BEGIN Given data

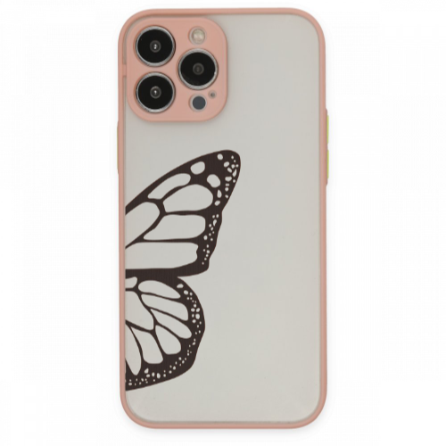 Apple iPhone 13 Pro Max Kelebek Kanadı Pembe Hux Telefon Kılıfı
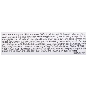 Gel tắm gội Biolane dịu nhẹ làm sạch tóc và cơ thể cho bé (200ml)
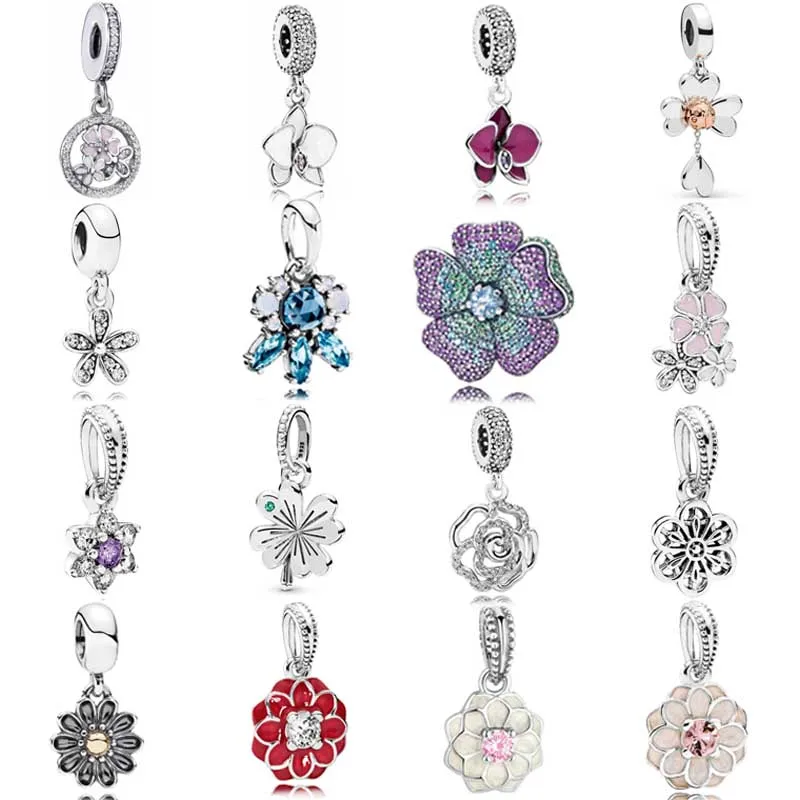 Подвеска сделай сам из серебра 925 пробы с изображением цветущей орхидеи клевера и божьей коровки
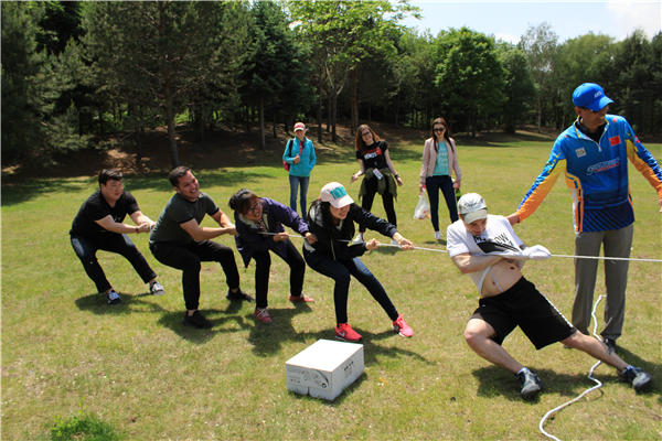 第二个集体游戏是拔河比赛,一会儿是进修生挑战硕士生,一会儿又是俄罗斯男生和韩国男生对决,场面热烈,老师们也按捺不住,加入了拔河比赛的战队。
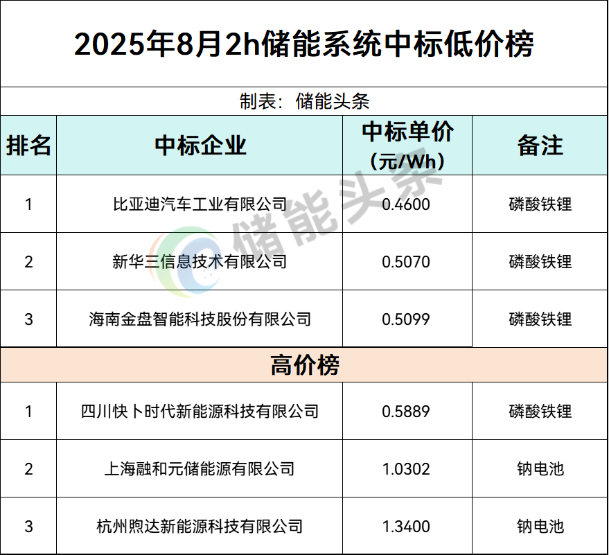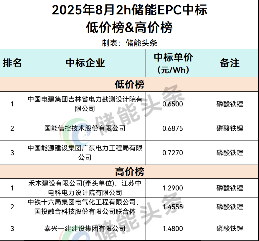 2h储能EPC项目中标低价Top3分别由中国电建吉林、国能信控、中国能建广东工程局投出。
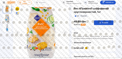 "Телеграф" расскажет подробнее о скидке на этот товар. Согласно данным онлайн-магазина ритейлера, пока упаковку шлифованного круглозернистого риса весом 1 кг можно приобрести со скидкой 46%.
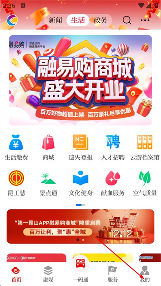 2、在第一昆山首页,点击底部的我的选项,进入我的页面。
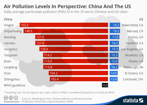 Bảng phía trên so sánh tình trạng môi trường ở 10 thành phố ô nhiễm nhất của Mỹ và Trung Quốc. Trong đó, yếu tố làm chuẩn so sánh là chỉ số PM2.5, đo nồng độ bụi ô nhiễm có đường kính 2,5 micromet trở lên, tính bằng lượng khói bụi (microgram) trên diện tích đơn vị (cubic met: m3).
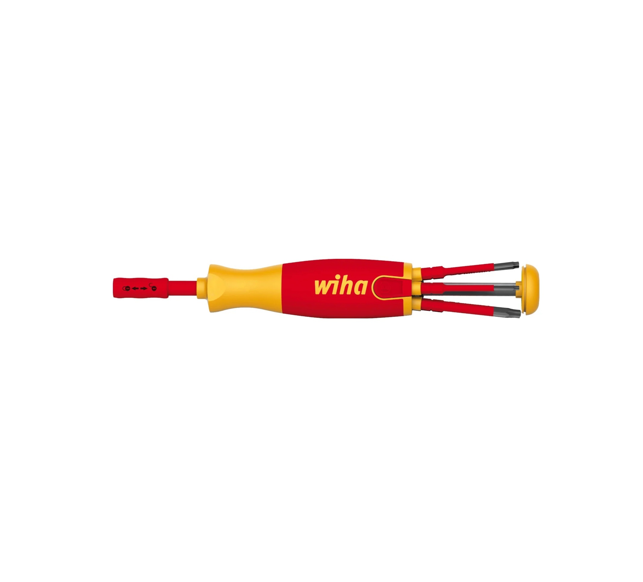 Wkrętak z magazynkiem bitów LiftUp electric jest idealnym pomocnikiem każdego elektryka w zastosowaniach mobilnych. Ukryty w rękojeści schowek na 6 najczęściej używanych bitów typu slimBit wysuwa się z magazynka po naciśnięciu przycisku. Ułatwia to znacznie wyjmowanie bitów. Wypróbowany uchwyt ClicFix mieści bezpiecznie wszystkie bity i niezawodnie je blokuje. Technologia ta czyni z magazynku bitów uniwersalny wkrętak. Również w zakresie bezpieczeństwa uchwyt na bity z magazynkiem zapewnia maksimum możliwości. Zarówno uchwyt na bity z magazynkiem, jak i wchodzące w jego skład bity typu slimBit posiadają certyfikat zgodny z międzynarodową normą IEC 60900. Smukłe bity typu slimBit o długości 75 mm umożliwiają dzięki całkowicie zintegrowanej z przednią częścią izolacji ochronnej doskonały dostęp do głęboko osadzonych zacisków śrubowych lub sprężynowych. Kolejnym plusem jest obrotowy kapturek, który zapewnia komfort użytkowania wkrętaka.
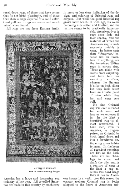 Fine Rugs, Sturgis, Dinah. Overland, Vol. 36 (1900), 9 pages. CD (HWDA09). Posted September 24, 2003. SAMPLE PAGE. File size 1.5 MB PDF
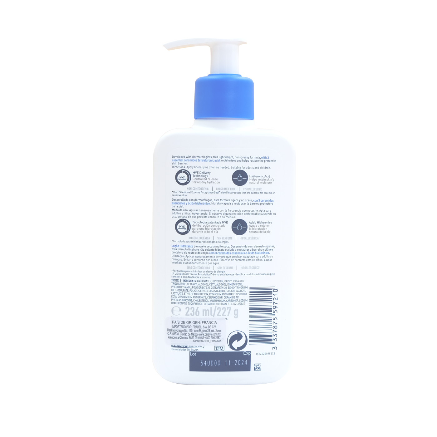 La loción hidratante mantiene la piel del rostro y cuerpo hidratada por 24h, además, de ayudar a restaurar la barrera protectora de la piel. Fórmula ligera.
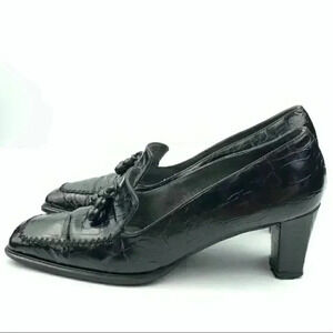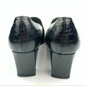 Stuart Weitzman womens heels size 7 AA black leather croc embossed square toe oxfords 90s vintage
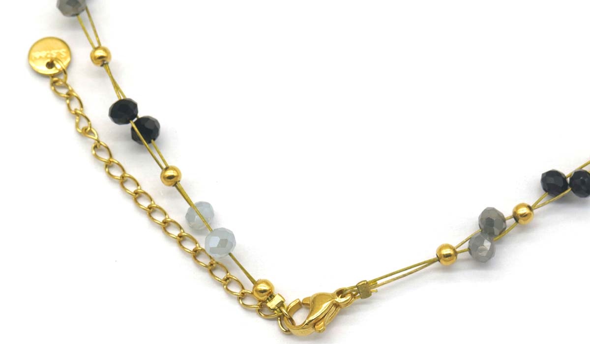 F-D7.4 NBE221-001 No. 7 S. Steel Necklace Pearls Black
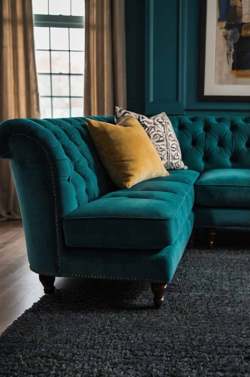 Pairing your teal sofa with a black carpet creates a bold, dramatic statement that feels both modern and timelessly sophisticated.
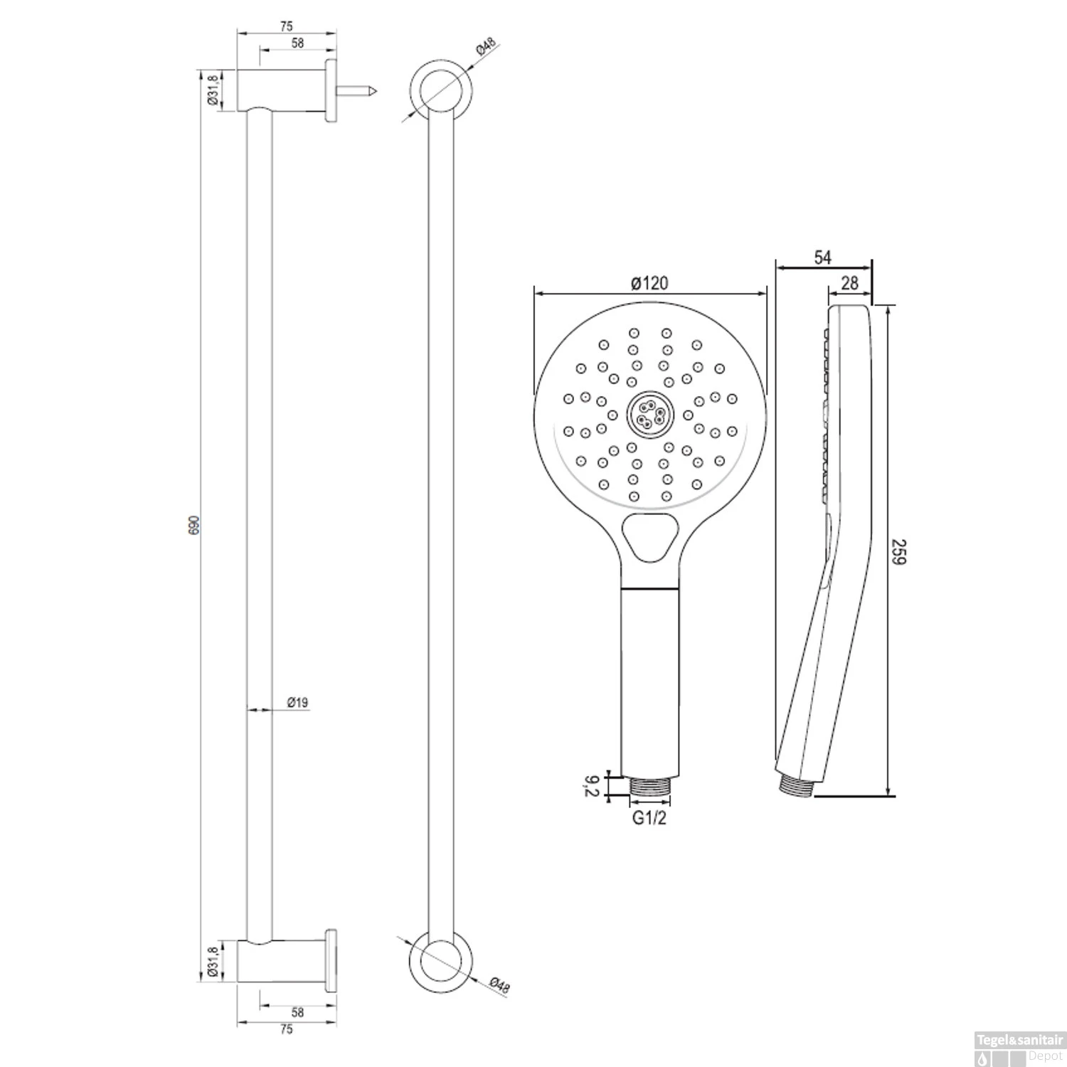 Dankzij de thermostaatfunctie is het makkelijk en snel om de gewenste temperatuur in te stellen. De kraan bedient u met de draaiknoppen. Deze kraan bevat een temperatuurblokkering bij 38°C. Zo is de kraan voor iedereen veilig te gebruiken. Inclusief S-koppelingen. Hij is van messing in de kleur geborsteld Koper. De doucheslang heeft een lengte van 150 cm, de handdouche heeft een lengte van 26,5 cm en de glijstang waarop de handdouche te bevestigen is heeft een lengte van 70 cm.

END Given data

● Exercise objective
Above are the records. Copy only the lines from the one with "Подвеска сделай сам" through the one with "Fine Rugs, Sturgis, Dinah.", exactly, with no pictures.

● Response to this exercise
 Подвеска сделай сам из серебра 925 пробы с изображением цветущей орхидеи клевера и божьей коровки
 第二个集体游戏是拔河比赛,一会儿是进修生挑战硕士生,一会儿又是俄罗斯男生和韩国男生对决,场面热烈,老师们也按捺不住,加入了拔河比赛的战队。
 2h储能EPC项目中标低价Top3分别由中国电建吉林、国能信控、中国能建广东工程局投出。
 "Телеграф" расскажет подробнее о скидке на этот товар. Согласно данным онлайн-магазина ритейлера, пока упаковку шлифованного круглозернистого риса весом 1 кг можно приобрести со скидкой 46%.
 2、在第一昆山首页,点击底部的我的选项,进入我的页面。
 Bảng phía trên so sánh tình trạng môi trường ở 10 thành phố ô nhiễm nhất của Mỹ và Trung Quốc. Trong đó, yếu tố làm chuẩn so sánh là chỉ số PM2.5, đo nồng độ bụi ô nhiễm có đường kính 2,5 micromet trở lên, tính bằng lượng khói bụi (microgram) trên diện tích đơn vị (cubic met: m3).
 Wkrętak z magazynkiem bitów LiftUp electric jest idealnym pomocnikiem każdego elektryka w zastosowaniach mobilnych. Ukryty w rękojeści schowek na 6 najczęściej używanych bitów typu slimBit wysuwa się z magazynka po naciśnięciu przycisku. Ułatwia to znacznie wyjmowanie bitów. Wypróbowany uchwyt ClicFix mieści bezpiecznie wszystkie bity i niezawodnie je blokuje. Technologia ta czyni z magazynku bitów uniwersalny wkrętak. Również w zakresie bezpieczeństwa uchwyt na bity z magazynkiem zapewnia maksimum możliwości. Zarówno uchwyt na bity z magazynkiem, jak i wchodzące w jego skład bity typu slimBit posiadają certyfikat zgodny z międzynarodową normą IEC 60900. Smukłe bity typu slimBit o długości 75 mm umożliwiają dzięki całkowicie zintegrowanej z przednią częścią izolacji ochronnej doskonały dostęp do głęboko osadzonych zacisków śrubowych lub sprężynowych. Kolejnym plusem jest obrotowy kapturek, który zapewnia komfort użytkowania wkrętaka.
 Fine Rugs, Sturgis, Dinah. Overland, Vol. 36 (1900), 9 pages. CD (HWDA09). Posted September 24, 2003. SAMPLE PAGE. File size 1.5 MB PDF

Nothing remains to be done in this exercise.